At 11:07 PM +0100 2/22/10, John Black wrote:
On 02/22/2010 10:37 PM, Michael Shadle wrote:
On Mon, Feb 22, 2010 at 1:30 PM, David
Murphy<david@xxxxxxxxxxxxxxxxx> wrote:
Richard,
The use of $_REQUEST it no more a security hole than $_GET or $_REQUEST,
they should ALL be treats as bad data until normalized and sanitized. The
claim that it opens a security hole is just false, that's like saying PHP
is insecure, its not it just allows for lazy coding such as $_REQUEST.
It represents a way for people to exploit coders who don't know any better.
Expecting a cookie value to come through in $_REQUEST but you could
override using a query string parameter makes for easy exploitation.
And how is this more secure? I can create a cookie, send post or get
on my client machine and send anything I want to the server. Just
because you are getting a cookie does not mean that you created it :)
So you might as well use request because the data can not be trusted
either way.
--
John
It is true that you cannot trust any data coming from a client (i.e.,
POST, GET, COOKIE, REQUEST, Whatever).
However, in trying to secure what you are doing it makes sense to
know specifically the origin of your data.
Additionally, if you know specifically where your data is coming
from, then there are no surprises as there can be by using REQUEST.

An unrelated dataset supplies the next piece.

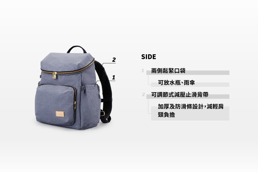 ▪ 兩側鬆緊口袋可放水瓶、雨傘,穩固不滑落

I am sure you realize that the data provided by a REQUEST can be
overridden by processes you may have not accounted for. For example,
while you are thinking that the data you're working on was provided
by one super global it actually was overridden by another can lead to
problems, including security.
One security directive is to keep the process simple and under
control. The more complicated you make it, the less secure it becomes
regardless of the method of data collection.